- [Task brief]: Reproduce the listing that follows character for character, excluding its pictures.

- [Given records]:
★ ★ ★
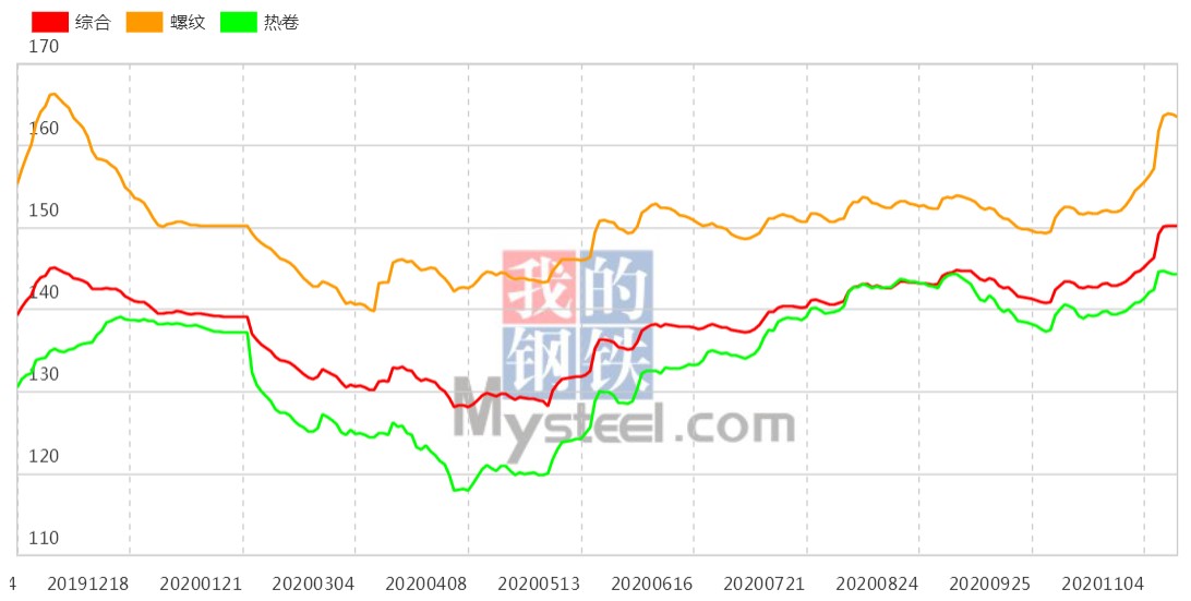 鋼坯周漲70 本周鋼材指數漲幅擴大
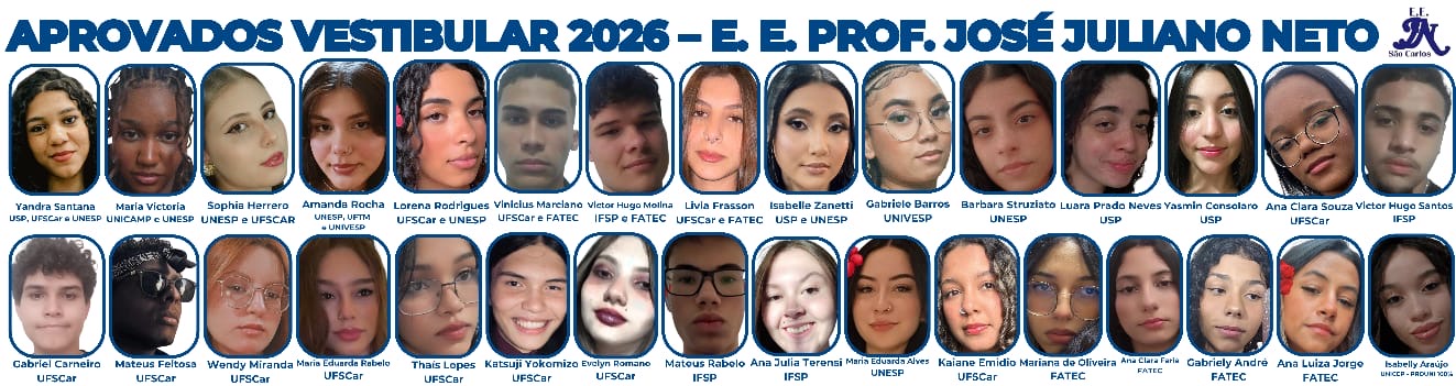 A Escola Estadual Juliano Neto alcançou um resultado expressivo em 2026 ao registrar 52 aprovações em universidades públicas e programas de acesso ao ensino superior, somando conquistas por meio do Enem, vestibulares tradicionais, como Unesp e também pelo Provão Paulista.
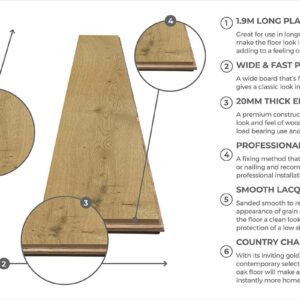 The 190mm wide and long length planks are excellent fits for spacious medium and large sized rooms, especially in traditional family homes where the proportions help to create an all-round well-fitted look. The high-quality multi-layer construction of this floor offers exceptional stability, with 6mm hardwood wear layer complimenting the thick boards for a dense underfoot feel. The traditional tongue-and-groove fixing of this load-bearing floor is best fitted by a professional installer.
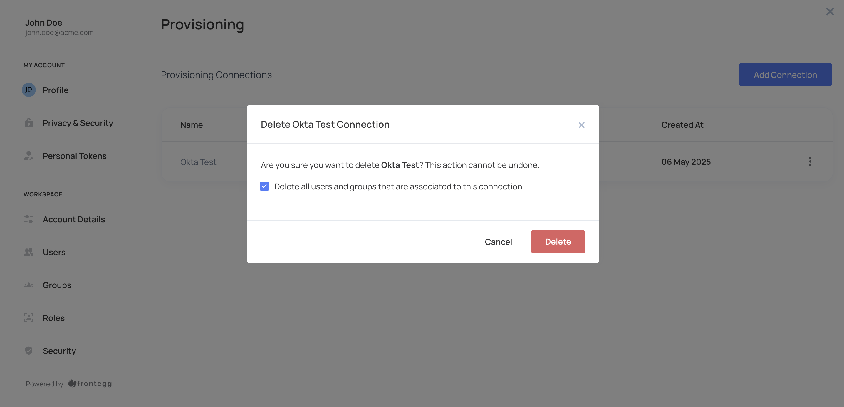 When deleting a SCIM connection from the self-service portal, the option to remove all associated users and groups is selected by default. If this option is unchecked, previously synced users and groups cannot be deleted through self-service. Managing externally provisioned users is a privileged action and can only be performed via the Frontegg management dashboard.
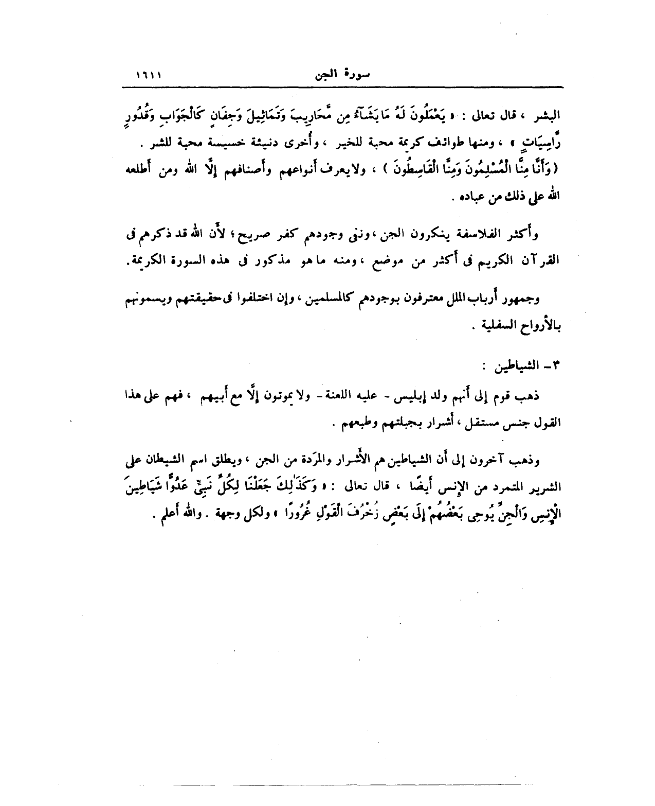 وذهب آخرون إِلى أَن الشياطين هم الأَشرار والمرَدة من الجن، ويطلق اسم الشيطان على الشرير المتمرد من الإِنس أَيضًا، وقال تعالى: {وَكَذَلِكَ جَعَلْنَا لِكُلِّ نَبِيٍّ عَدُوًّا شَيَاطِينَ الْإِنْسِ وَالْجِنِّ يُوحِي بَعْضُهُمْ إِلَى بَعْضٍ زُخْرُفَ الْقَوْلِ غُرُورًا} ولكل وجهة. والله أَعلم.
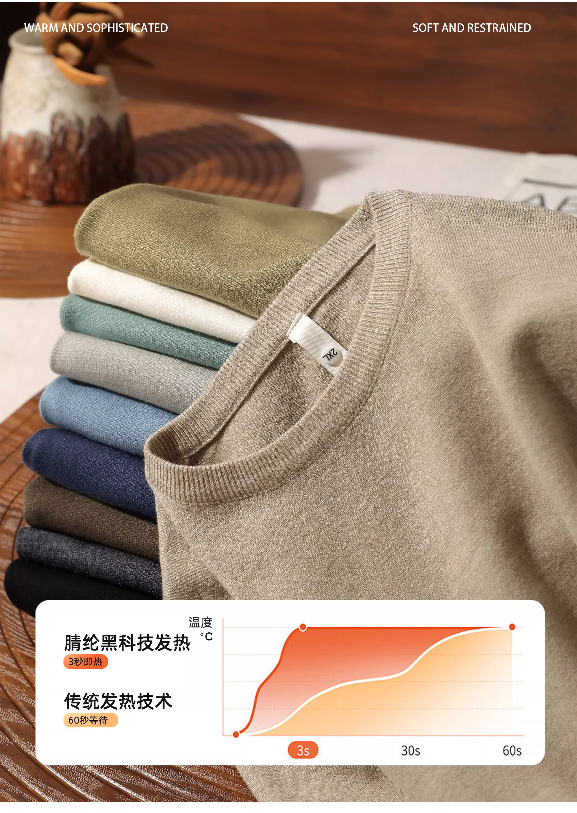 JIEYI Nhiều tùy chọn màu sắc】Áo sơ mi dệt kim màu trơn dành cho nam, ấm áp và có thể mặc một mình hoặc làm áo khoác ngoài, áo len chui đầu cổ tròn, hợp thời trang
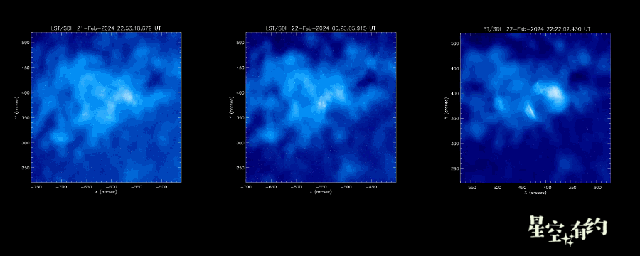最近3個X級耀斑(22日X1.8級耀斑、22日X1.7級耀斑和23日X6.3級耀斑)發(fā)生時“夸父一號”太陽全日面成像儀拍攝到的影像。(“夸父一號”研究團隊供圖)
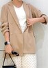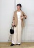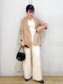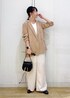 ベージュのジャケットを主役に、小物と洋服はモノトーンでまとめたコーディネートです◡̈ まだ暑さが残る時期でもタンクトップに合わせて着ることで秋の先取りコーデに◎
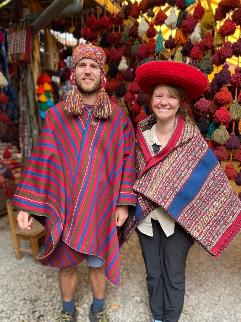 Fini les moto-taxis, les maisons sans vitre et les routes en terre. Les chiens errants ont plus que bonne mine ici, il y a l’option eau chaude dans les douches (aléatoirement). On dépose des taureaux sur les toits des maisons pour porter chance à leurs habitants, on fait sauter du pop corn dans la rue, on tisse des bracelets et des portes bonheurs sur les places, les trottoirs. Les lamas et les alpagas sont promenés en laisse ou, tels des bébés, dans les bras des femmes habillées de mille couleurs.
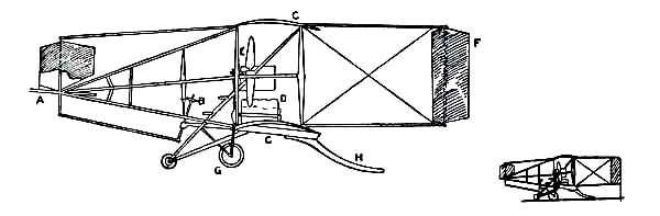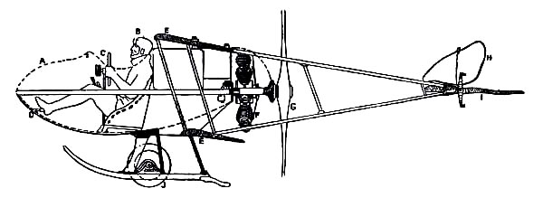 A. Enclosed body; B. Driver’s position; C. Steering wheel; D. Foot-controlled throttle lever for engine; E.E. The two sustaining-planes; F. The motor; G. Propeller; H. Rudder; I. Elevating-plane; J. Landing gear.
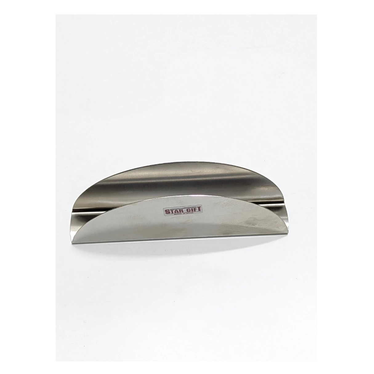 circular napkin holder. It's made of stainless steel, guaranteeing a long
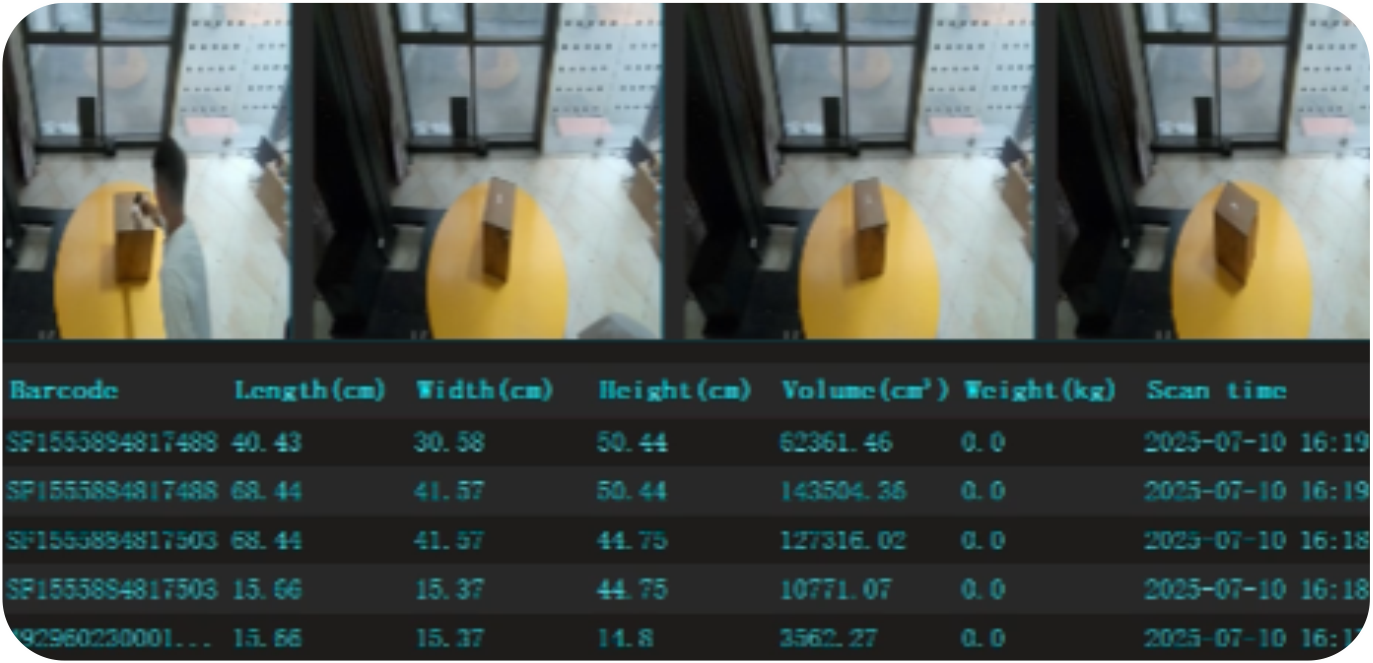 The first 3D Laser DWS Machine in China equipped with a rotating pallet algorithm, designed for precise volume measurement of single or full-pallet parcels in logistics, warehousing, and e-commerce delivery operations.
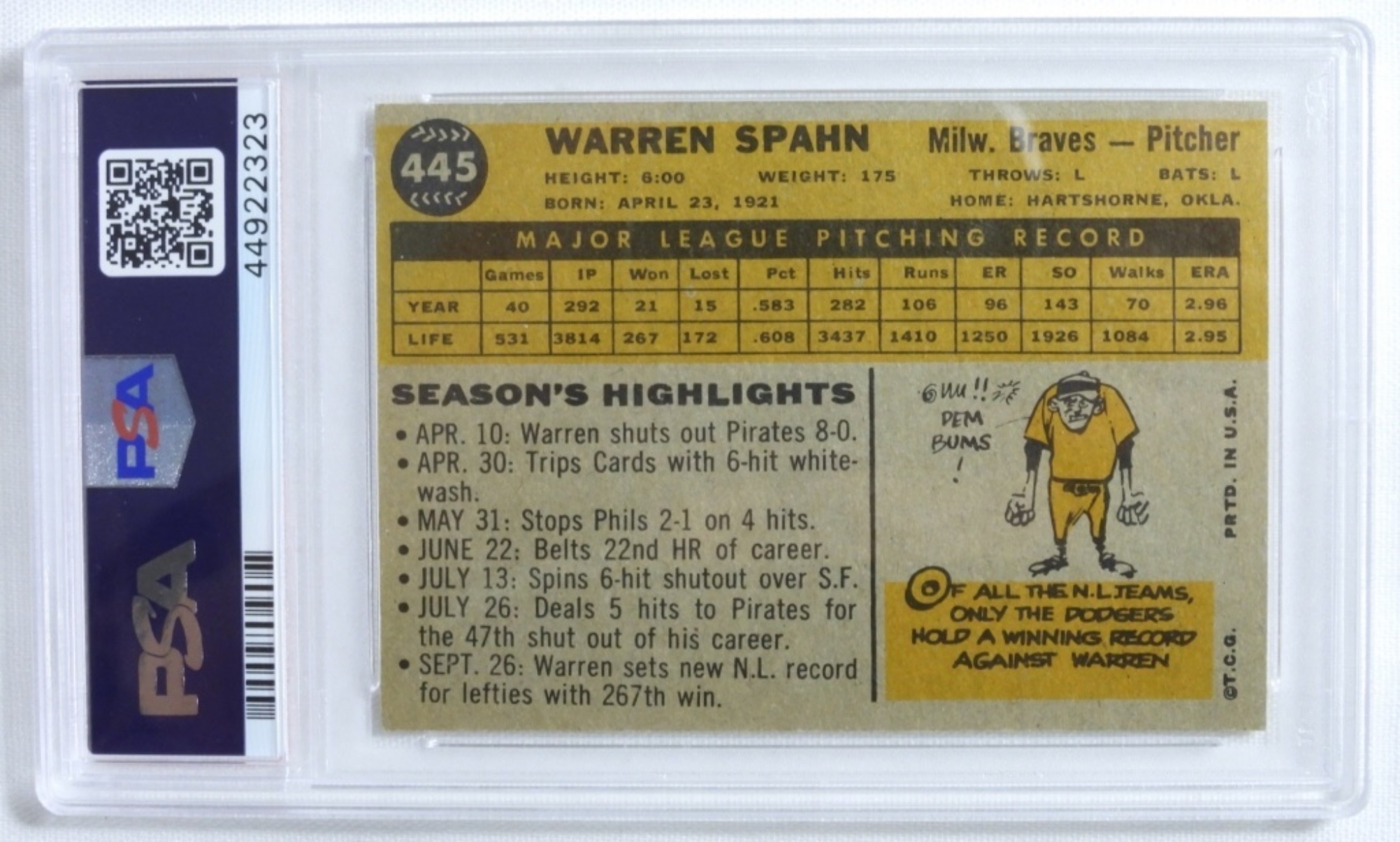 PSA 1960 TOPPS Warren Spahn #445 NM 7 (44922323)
★ ★ ★
- [Solution]:
 鋼坯周漲70 本周鋼材指數漲幅擴大
 A Escola Estadual Juliano Neto alcançou um resultado expressivo em 2026 ao registrar 52 aprovações em universidades públicas e programas de acesso ao ensino superior, somando conquistas por meio do Enem, vestibulares tradicionais, como Unesp e também pelo Provão Paulista.
 The 190mm wide and long length planks are excellent fits for spacious medium and large sized rooms, especially in traditional family homes where the proportions help to create an all-round well-fitted look. The high-quality multi-layer construction of this floor offers exceptional stability, with 6mm hardwood wear layer complimenting the thick boards for a dense underfoot feel. The traditional tongue-and-groove fixing of this load-bearing floor is best fitted by a professional installer.
 When deleting a SCIM connection from the self-service portal, the option to remove all associated users and groups is selected by default. If this option is unchecked, previously synced users and groups cannot be deleted through self-service. Managing externally provisioned users is a privileged action and can only be performed via the Frontegg management dashboard.
 وذهب آخرون إِلى أَن الشياطين هم الأَشرار والمرَدة من الجن، ويطلق اسم الشيطان على الشرير المتمرد من الإِنس أَيضًا، وقال تعالى: {وَكَذَلِكَ جَعَلْنَا لِكُلِّ نَبِيٍّ عَدُوًّا شَيَاطِينَ الْإِنْسِ وَالْجِنِّ يُوحِي بَعْضُهُمْ إِلَى بَعْضٍ زُخْرُفَ الْقَوْلِ غُرُورًا} ولكل وجهة. والله أَعلم.
 JIEYI Nhiều tùy chọn màu sắc】Áo sơ mi dệt kim màu trơn dành cho nam, ấm áp và có thể mặc một mình hoặc làm áo khoác ngoài, áo len chui đầu cổ tròn, hợp thời trang
最近3個X級耀斑(22日X1.8級耀斑、22日X1.7級耀斑和23日X6.3級耀斑)發(fā)生時“夸父一號”太陽全日面成像儀拍攝到的影像。(“夸父一號”研究團隊供圖)
 ベージュのジャケットを主役に、小物と洋服はモノトーンでまとめたコーディネートです◡̈ まだ暑さが残る時期でもタンクトップに合わせて着ることで秋の先取りコーデに◎
 Fini les moto-taxis, les maisons sans vitre et les routes en terre. Les chiens errants ont plus que bonne mine ici, il y a l’option eau chaude dans les douches (aléatoirement). On dépose des taureaux sur les toits des maisons pour porter chance à leurs habitants, on fait sauter du pop corn dans la rue, on tisse des bracelets et des portes bonheurs sur les places, les trottoirs. Les lamas et les alpagas sont promenés en laisse ou, tels des bébés, dans les bras des femmes habillées de mille couleurs.
 A. Enclosed body; B. Driver’s position; C. Steering wheel; D. Foot-controlled throttle lever for engine; E.E. The two sustaining-planes; F. The motor; G. Propeller; H. Rudder; I. Elevating-plane; J. Landing gear.
 circular napkin holder. It's made of stainless steel, guaranteeing a long
 The first 3D Laser DWS Machine in China equipped with a rotating pallet algorithm, designed for precise volume measurement of single or full-pallet parcels in logistics, warehousing, and e-commerce delivery operations.
 PSA 1960 TOPPS Warren Spahn #445 NM 7 (44922323)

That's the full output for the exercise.